Aujourd’hui, les enjeux sont plus élevés, le drame est plus fort et les émotions sont plus puissantes. Lorsque Billy (un charmant Samuel Edwards) rejette Reno au bar dans la scène d’ouverture, Foster chante le standard de Cole Porter “I Get a Kick Out of You” à partir d’un lieu de tristesse et de solitude, plutôt que de romance. On peut entendre le désir ardent dans chaque note.
Ou lorsque Reno dirige la compagnie dans l’entraînant “Blow Gabriel Blow”, Foster met en scène une véritable renaissance au Barbican, donnant au public et aux interprètes, semble-t-il, une chance longtemps attendue de célébrer et de se lâcher après de nombreux mois d’isolement. L’effet est vraiment euphorique.

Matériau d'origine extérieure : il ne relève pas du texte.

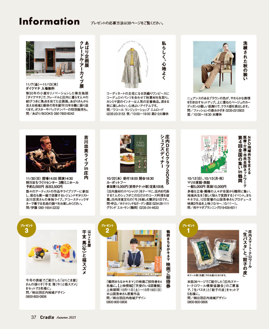 HOME記事一覧イベント・お知らせ【2025年秋号掲載イベント情報】Information 記事一覧 イベント・お知らせ 【2025年秋号掲載イベント情報】Information 2025/09/24 庄内町 ⁄ 酒田市 ⁄ 鶴岡市 ⁄ クレードル この記事を書いた人 Cradle編集部Cradle Editors 庄内の魅力を発信する、出羽庄内地域文化情報誌「Cradle(クレードル)」を隔月で発行。庄内に暮らし、庄内を愛してやまないメンバーたちの編集チームです。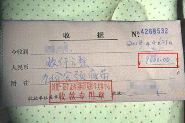 国家药品监督管理局相关文件显示,九价宫颈癌疫苗适用于16岁到26岁的女性,可以预防90%以上的宫颈癌。因为目前供应数量有限,一针难求的现象时有发生。微博爆料的王女士告诉记者,2018年1月份,她在朋友的介绍下来到博鳌银丰康养国际医院交了9000块钱,并注射了第一针九价宫颈癌疫苗。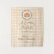 Célébrez l'arrivée de votre petite citrouille avec cette tapisserie de baby shower sur le thème de l'automne, mignonne et charmante, dotée d'un design dessiné à la main représentant une petite citrouille aquarelle adorable, entourée d'un cadre dessiné à la main et d'un motif gingham orange doux en arrière-plan. Cette tapisserie capture parfaitement la chaleur et le confort de la saison automnale. Les couleurs chaudes et la police ludique donneront certainement le ton à une célébration mémorable et festive.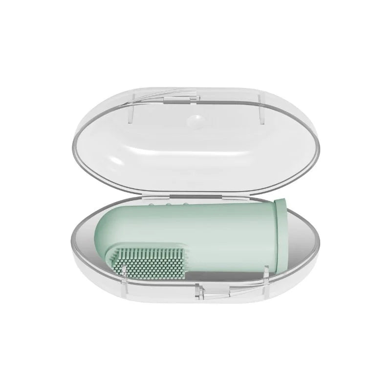 La caja de almacenamiento incluida protege el cepillo de dedo cuando el pequeño no lo use.

Et, bien sûr, je m’en voudrais de ne pas mentionner le numéro-titre époustouflant et hallucinant, qui conserve la chorégraphie synchronisée originale de 2011 de Marshall et fait véritablement exploser le toit métaphorique du navire. L’ensemble, dirigé par Foster, exécute chaque étape avec précision et l’effet combiné est stupéfiant. Comme l’a dit un de mes amis : Il est injuste de comparer un autre interprète à Sutton Foster, car cela revient à jouer à l’ordinateur.

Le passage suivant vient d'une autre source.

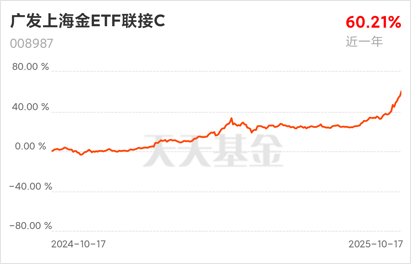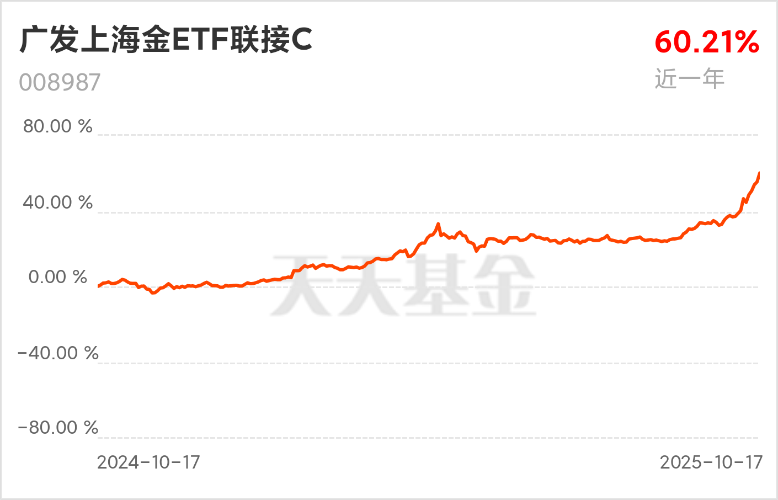 近一年涨幅已经来到了60%,姚姚看着也是眼馋,节节新高,确实是有点按捺不住了,今天好不容易迎来回调,先趁着这个机会打入1000元$广发上海金ETF联接C(OTCFUND|008987)$!

L’ensemble de la production est tout aussi dynamique que lors de sa première sortie à Broadway. Le S.S. American du scénographe Derek McClane remplit la scène du Barbican (et les portes des allées de la salle donnent même l’impression de faire partie du navire), et les costumes actualisés de Jon Morrell complètent le tableau.
À l’exception de Foster, la compagnie est entièrement nouvelle ici, avec Robert Lindsay qui donne une délicieuse performance pince-sans-rire dans le rôle du gangster Moonface Martin ; Felicity Kendall gagne tous ses rires dans le rôle d’Evangeline Harcourt ; et Gary Wilmot se distingue dans le rôle du courtier en bourse Elijah Whitney. Carly Mercedes Dyer vole chaque scène où elle se trouve dans le rôle d’Erma, la fille numéro un de Moonface.
Comme dans la plupart des productions de la comédie musicale, l’intrigue secondaire romantique entre Billy et Hope (Nicole-Lily Baisden) est un peu perdue, même si Edwards et Baisden livrent une magnifique interprétation du duo classique “De-Lovely”. Et bien que certaines parties de l’intrigue semblent encore un peu dépassées pour 2021, en particulier lorsqu’il s’agit de l’intrigue de Lord Evelyn Oakleigh, Haydn Oakley se penche sur le côté loufoque du rôle et mérite la fin heureuse.
Bien que je n’aie pas de machine à remonter le temps pour assister à des spectacles quand je le souhaite (peut-être que les acteurs de Retour vers le futur : la comédie musicale peuvent nous aider à le faire), je peux (et vous pouvez) revoir cette superbe production dès maintenant. Alors réservez-moi un siège au Barbican. Je reviendrai, me prélassant dans cette glorieuse comédie musicale et voyant Sutton Foster faire des claquettes autant que possible. C’est le plus beau spectacle de la ville.